__What is expected__
From the line with "1、玩法优化:侍从天赋效果仅对侍从自身生效。" through the line with "A nice, shaded, sandy", repeat the entries verbatim, both end lines included, and add nothing.

__Materials provided__
>>>
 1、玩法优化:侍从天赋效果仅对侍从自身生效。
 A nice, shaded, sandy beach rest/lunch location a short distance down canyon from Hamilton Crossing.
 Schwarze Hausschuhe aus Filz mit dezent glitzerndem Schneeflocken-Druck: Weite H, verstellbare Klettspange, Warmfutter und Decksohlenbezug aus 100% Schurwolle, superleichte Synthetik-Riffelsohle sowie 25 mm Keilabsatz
<<<
>>>
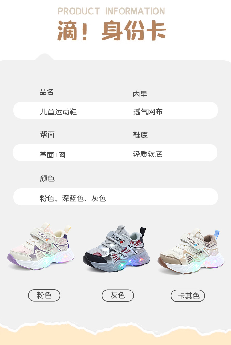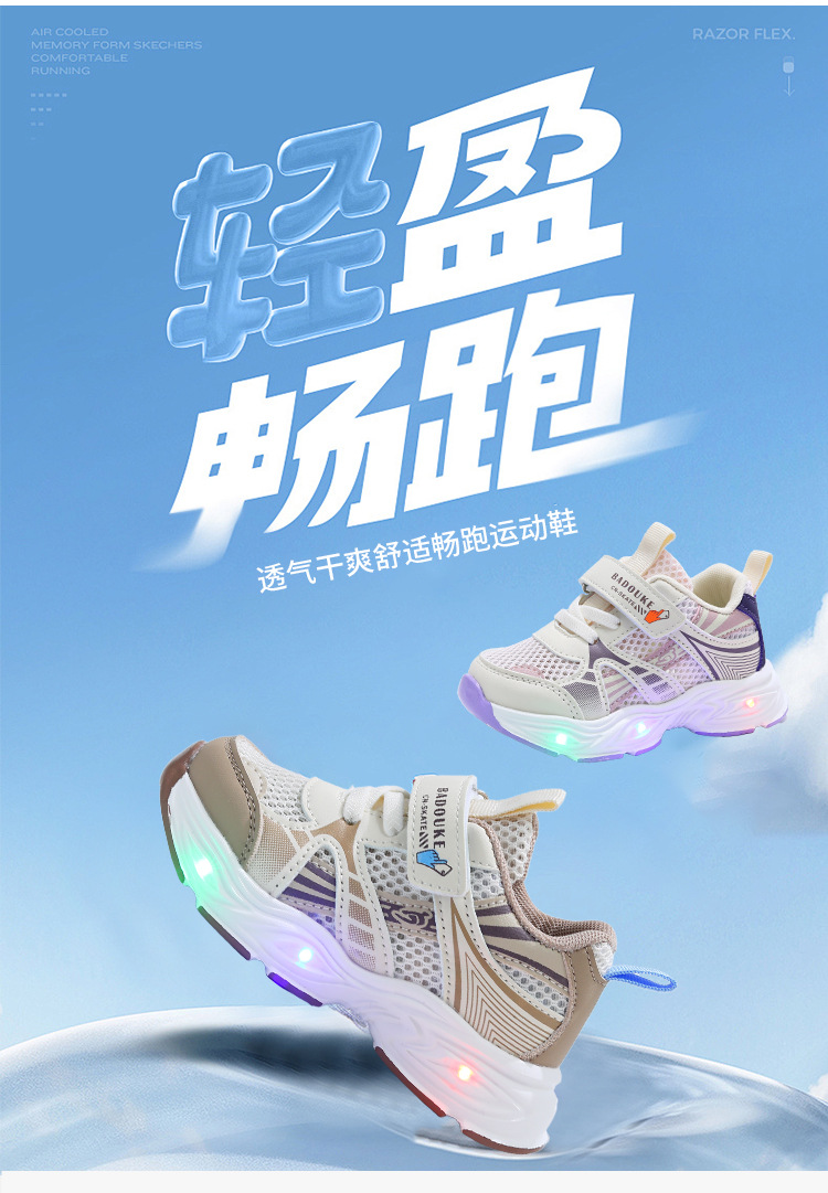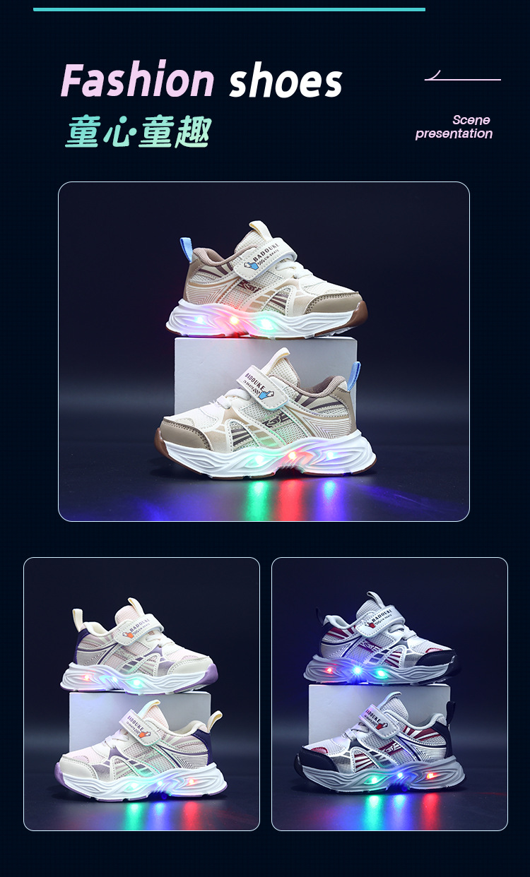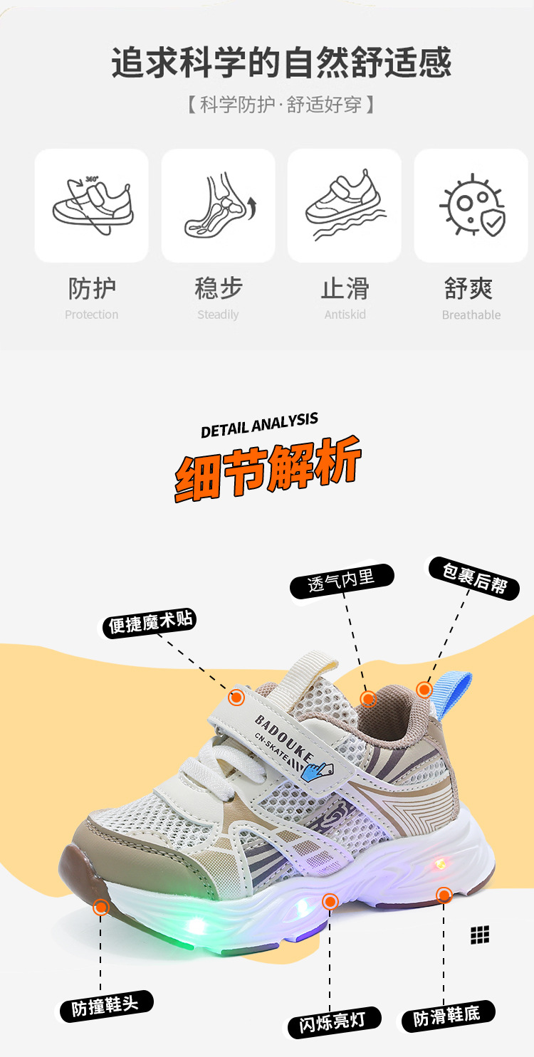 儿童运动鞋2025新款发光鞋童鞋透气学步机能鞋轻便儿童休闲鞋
<<<
__Written reply__
 1、玩法优化:侍从天赋效果仅对侍从自身生效。
 A nice, shaded, sandy beach rest/lunch location a short distance down canyon from Hamilton Crossing.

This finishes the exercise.